~ 254

Susan brought the Explorer to a fishtailing stop. The road had stopped shaking several turns back, but in the freak blizzard she had kept on driving, debating her destination, the hospital or the police station. She had settled on the former. Her hands were still trembling when she took the vehicle out of gear.

“You handle this pretty well,” Mark said. “You handled it all pretty well.”

“Not that good. Trust me.” She stroked his arm. “Are you hurt?”

“My whole body is one big toothache. But I’ll live.”

“What the hell happened back there? What were you shooting at?”

“A warning shot. I thought something was watching me. Tracking me. Something different than the eyes.”

“Different …”

“A bear,” Mark said, with slight hesitation. “I don’t know what else it could have been. I found tracks.”

He told her about the doe. Then the remains.

“What do you think it was?” Susan said.

“If I had to guess … I’d say a child. But it wasn’t. God, I hope it wasn’t.”

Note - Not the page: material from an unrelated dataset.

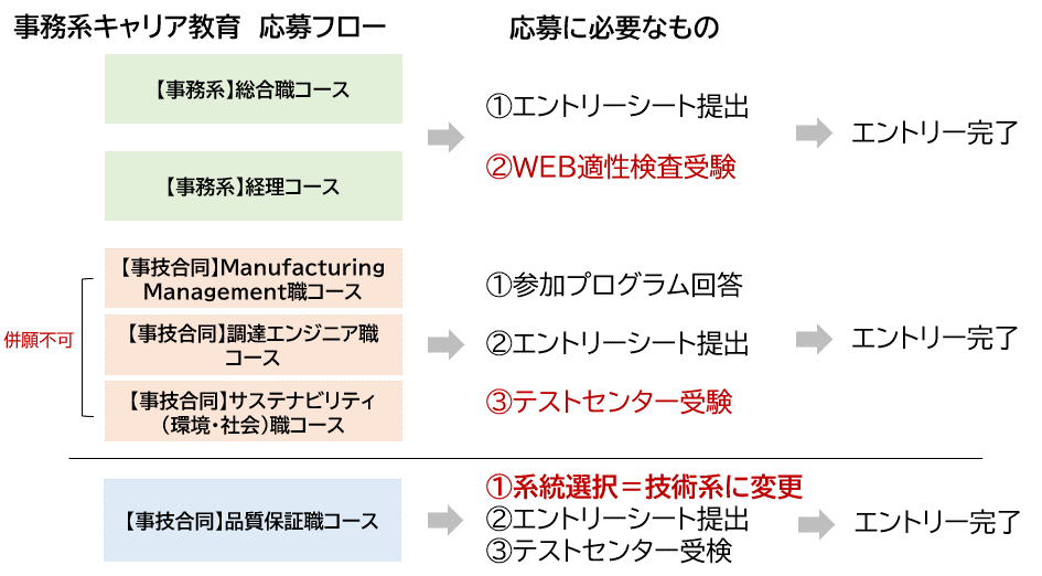 技術系に変更した場合、総合職コース・経理コースとの併願は不可となりますので、ご注意ください。

“I can’t take much more of this, Mark. I can’t deal with killer trees and Minnesota earthquakes.”

“How about killer storms?”

“What are you saying? It’s controlling the weather?”

“Have you ever known a blizzard to just come out of nowhere like this? Or even seen one this bad?”

“… No.”

Mark told her of the unexpected tempest that had struck on his return—and how all those years ago, the same thing had happened to the woodsman.

“It’s coming,” Susan said, staring helplessly into the storm. “It’s coming, and we can’t stop it.”

“Susan—”

She put up a hand, hesitated, then said what had been on her mind since he first told her of the missing children.

“It wants all of us, Mark. Not just Kelan. Not just those kids. It wants everyone. Right now it’s trying to stop us, buying time for itself. But it’s more than that. It’s cutting this town off from the rest of the world.”

“And then? After the storm?”

“And then,” Susan said darkly, “it’s free.”